MATERIALS PROVIDED:
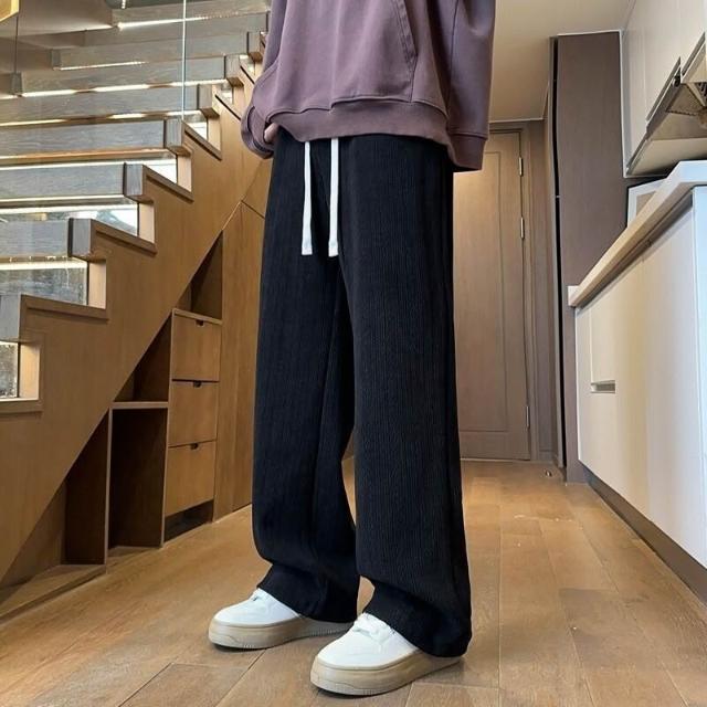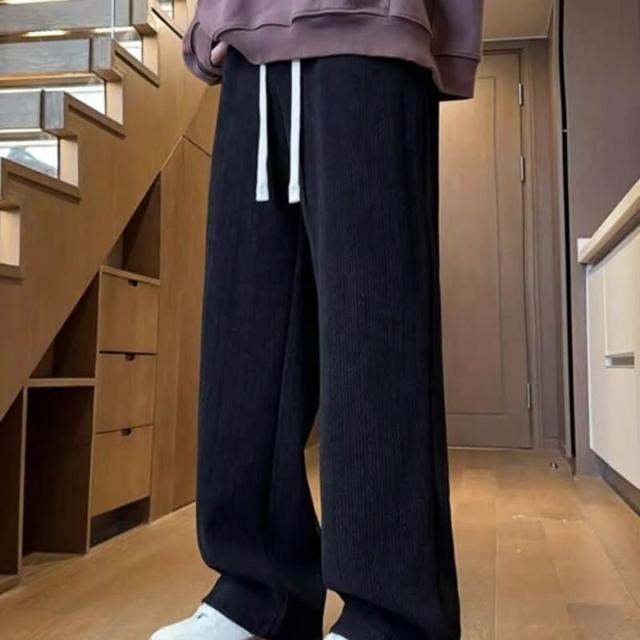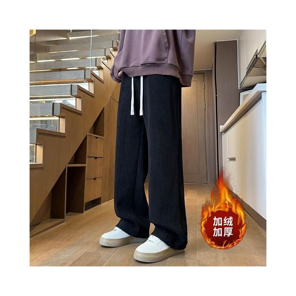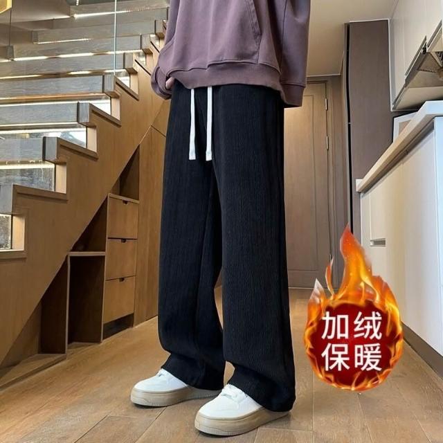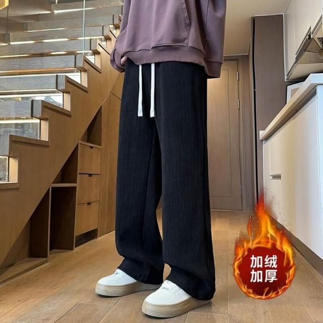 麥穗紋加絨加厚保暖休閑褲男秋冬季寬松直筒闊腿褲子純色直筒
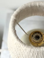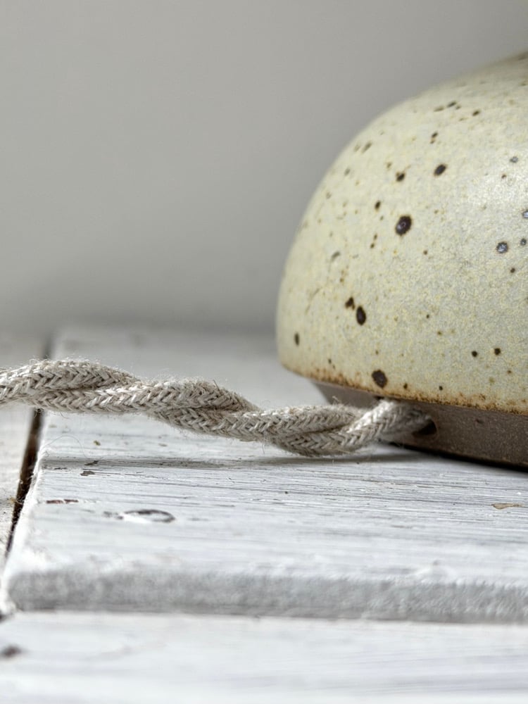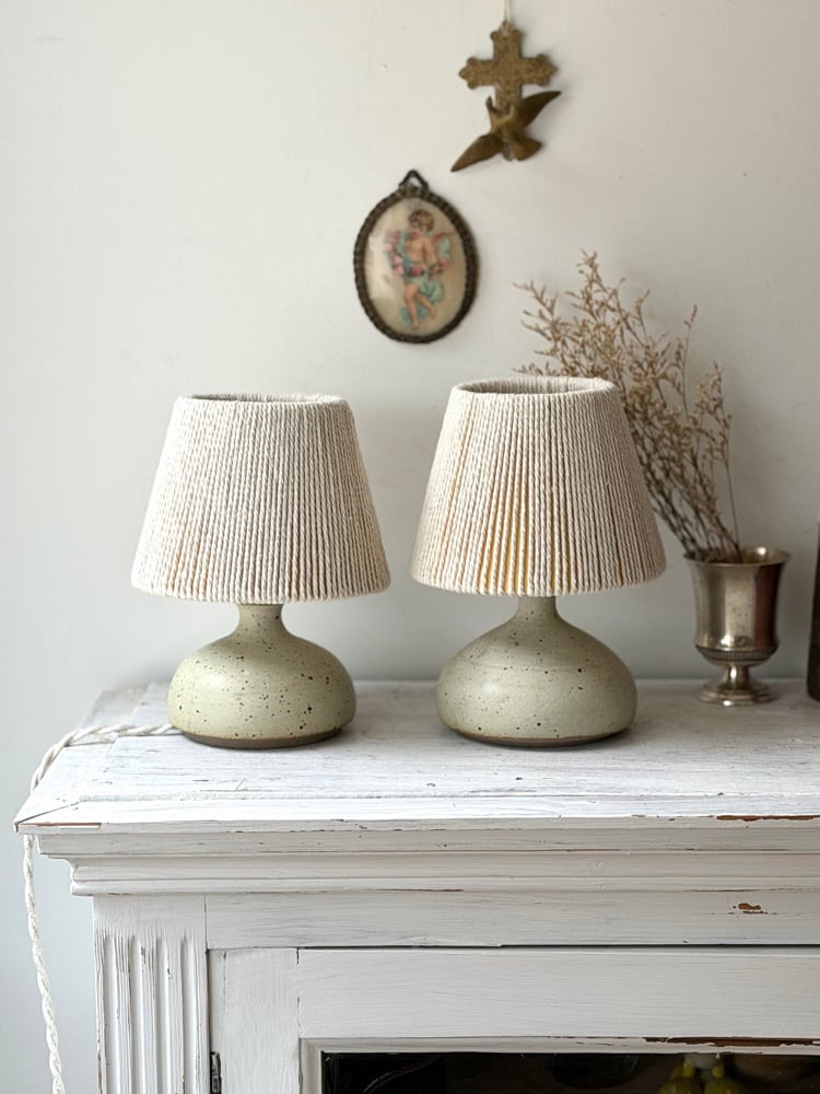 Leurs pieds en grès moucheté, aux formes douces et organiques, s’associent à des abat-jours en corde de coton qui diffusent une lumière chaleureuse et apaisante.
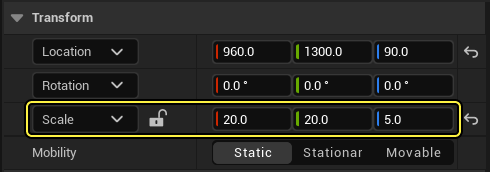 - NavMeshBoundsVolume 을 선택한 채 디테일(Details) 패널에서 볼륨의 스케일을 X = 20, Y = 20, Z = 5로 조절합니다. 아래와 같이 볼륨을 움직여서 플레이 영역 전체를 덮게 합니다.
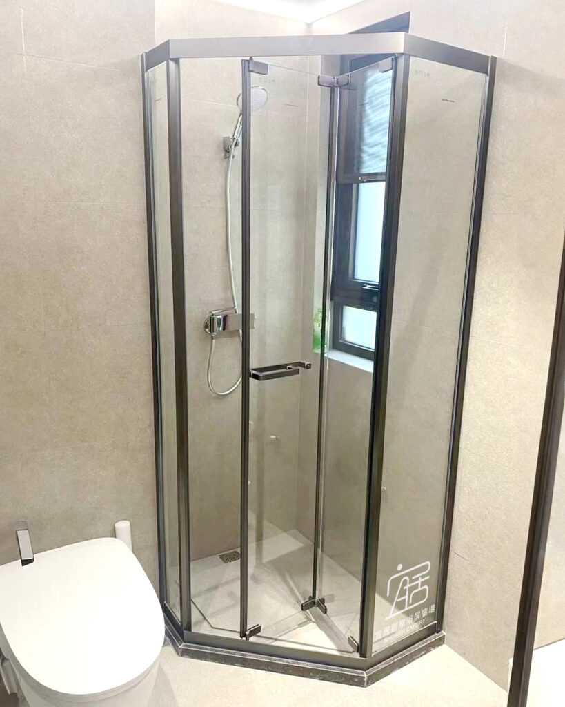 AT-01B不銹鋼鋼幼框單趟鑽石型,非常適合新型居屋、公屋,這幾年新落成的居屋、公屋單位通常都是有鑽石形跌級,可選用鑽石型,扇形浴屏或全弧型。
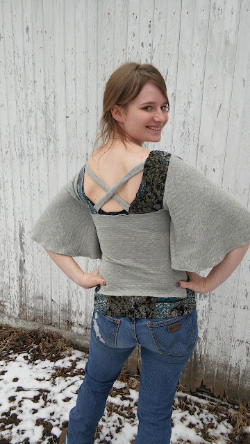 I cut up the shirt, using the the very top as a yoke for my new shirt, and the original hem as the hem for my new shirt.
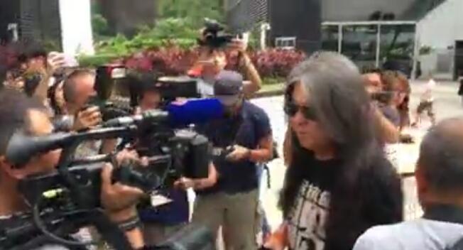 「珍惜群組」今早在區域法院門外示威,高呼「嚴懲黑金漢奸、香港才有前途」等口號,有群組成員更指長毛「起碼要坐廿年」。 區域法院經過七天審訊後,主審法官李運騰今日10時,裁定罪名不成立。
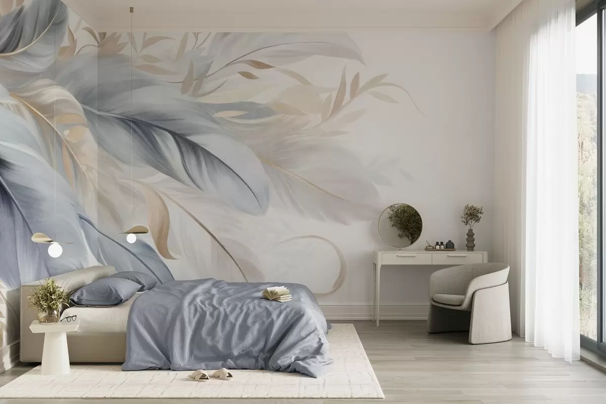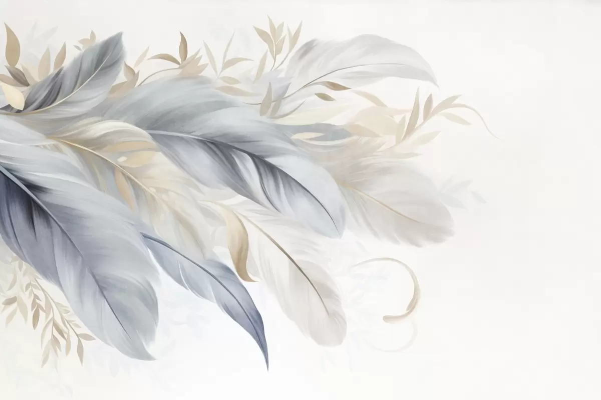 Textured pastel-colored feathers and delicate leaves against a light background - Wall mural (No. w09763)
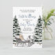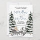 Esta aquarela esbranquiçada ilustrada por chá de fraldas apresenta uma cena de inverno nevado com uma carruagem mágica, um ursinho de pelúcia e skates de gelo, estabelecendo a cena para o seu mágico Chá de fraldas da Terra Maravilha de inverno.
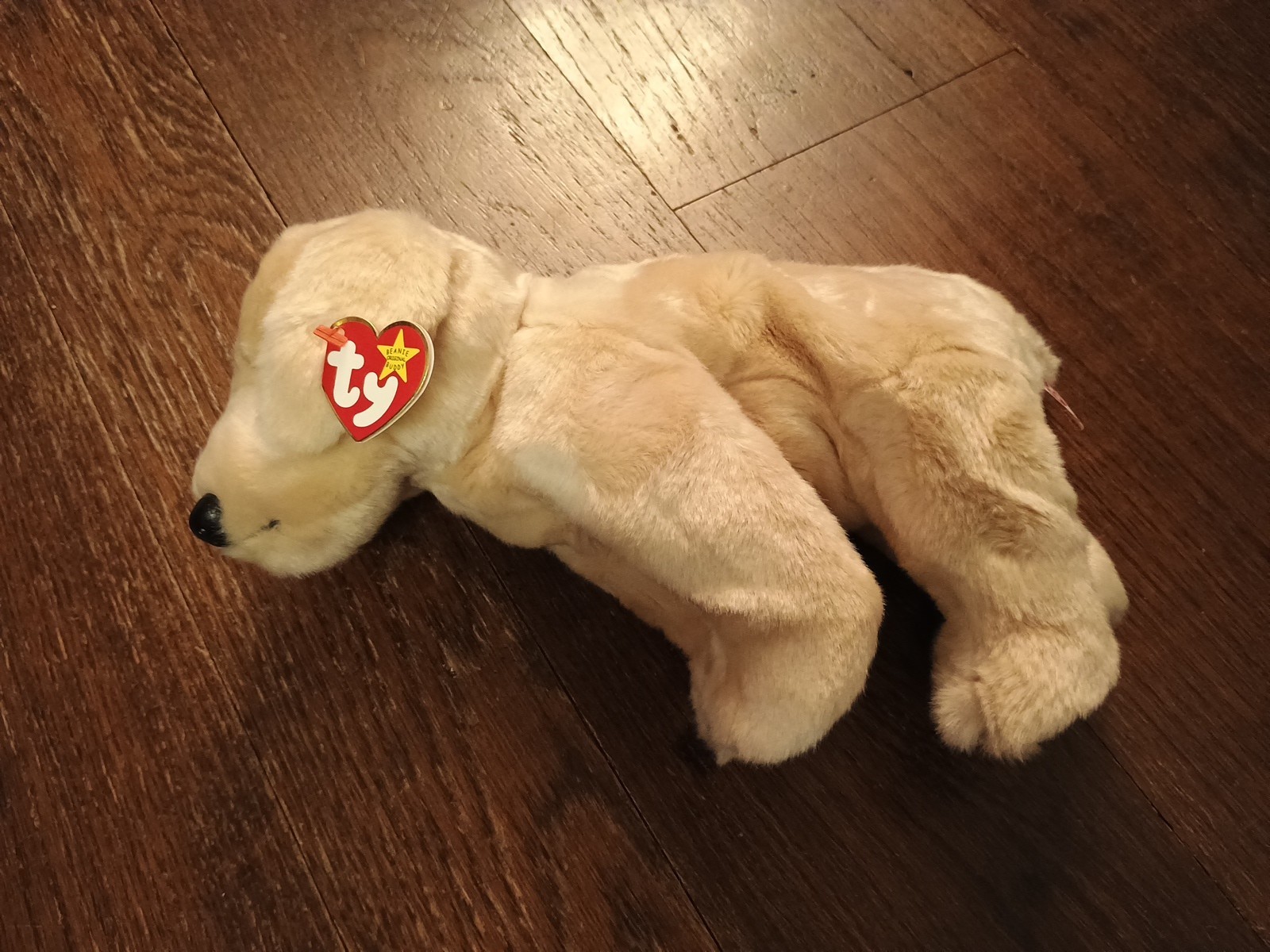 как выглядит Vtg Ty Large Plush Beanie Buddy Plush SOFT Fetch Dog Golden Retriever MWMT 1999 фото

YOUR INSTRUCTIONS: Final task for the records above: print exactly the lines from the one that contains "I cut up the" through the last line, both ends included, pictures excluded.

FINAL ANSWER:
 I cut up the shirt, using the the very top as a yoke for my new shirt, and the original hem as the hem for my new shirt.
 「珍惜群組」今早在區域法院門外示威,高呼「嚴懲黑金漢奸、香港才有前途」等口號,有群組成員更指長毛「起碼要坐廿年」。 區域法院經過七天審訊後,主審法官李運騰今日10時,裁定罪名不成立。
 Textured pastel-colored feathers and delicate leaves against a light background - Wall mural (No. w09763)
 Esta aquarela esbranquiçada ilustrada por chá de fraldas apresenta uma cena de inverno nevado com uma carruagem mágica, um ursinho de pelúcia e skates de gelo, estabelecendo a cena para o seu mágico Chá de fraldas da Terra Maravilha de inverno.
 как выглядит Vtg Ty Large Plush Beanie Buddy Plush SOFT Fetch Dog Golden Retriever MWMT 1999 фото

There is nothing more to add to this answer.